Sidi Yahia سيدي يحيى Sidi Yahya is a spa resort and village in Bouhamza Commune, Béjaïa, Algeria. It is located on the banks of the Bousselam River, Southeast of Tizi Wezrou, West of At Brahem and Southwest of Taxliǧt Icaɛbanen. The resort was founded in the 15th Century by Sufi scholar, Sidi Yahia El Aidli, who the villages name comes from.

The village has a thermal spa and is a popular destination for tourists from Sétif, Algiers, Béjaïa, Bordj Bou Arréridj and Tizi Ouzou. The village is in a rocky valley and only has a few olive trees growing there, with the houses built of local stone, clay, and red tiles. Most buildings and facilities date back to the 1900s. The Hammam is located in a building on the Southern end of the village. Inside is boiling water storage and tiled benches.
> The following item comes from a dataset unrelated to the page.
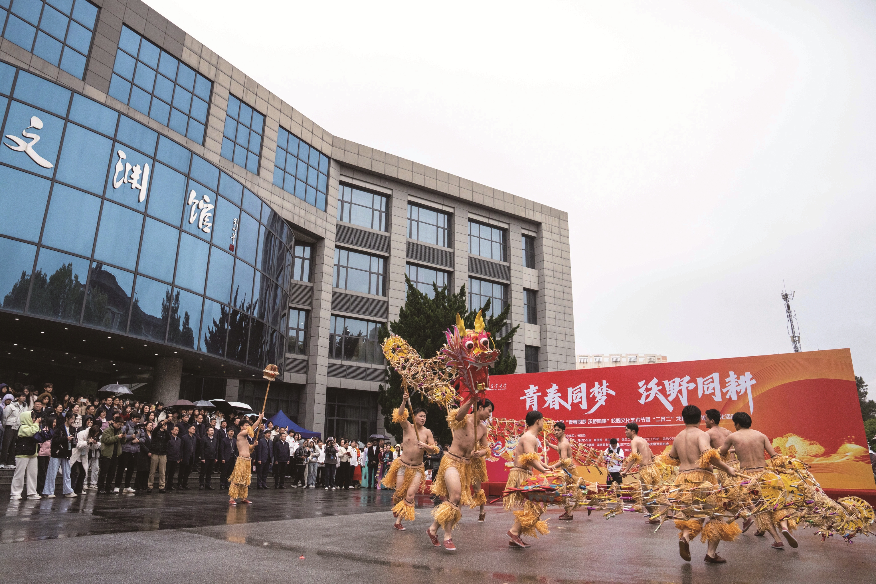 3月19日,学生在湖南农业大学进行舞龙表演。 在农历二月初二“龙抬头”即将来临之际,湖南农业大学开展“二月二”龙抬头农耕体育文化活动,活动以“青春同梦 沃野同耕”为主题,组织学生在校园内进行舞龙表演,并开展农趣运动游戏,让师生近距离感受传统文化的魅力和乐趣。 新华社记者 陈思汗 摄

Above the cliffs in the valley, on a rock, according to legend, is a hoofprint of Sidi Yahia's horse. There is a cave above the spring, this is where women offer prayers and alms. This cave is where Sidi Yahia El Aidli lived in the 15th Century. He was said to have washed himself in the springs, and they bubbled when Yahia touched the icy water, this is now where the hot springs now are. Many women come to the hot springs in the resort for Pilgrimage, where they make offerings and pray. The water temperature is around 40 degrees, and a flow rate of 2L/S

There is a café nearby the hot springs, called Récèption, where they sell cold drinks, coffee, lemonade, biscuits and hot tea. There are also rooms available, at 500 DA each, and free baths. The resort's busiest period is in Late May to the beginning of June, especially on weekends. There is also a mosque called Sidi Yahia el Aïdli.

The manager of the resort is Gaher Belkacem, a descendant of Sidi Yahia, who was appointed by the owners, the Zawiya of Sidi Yahia, a koranic school.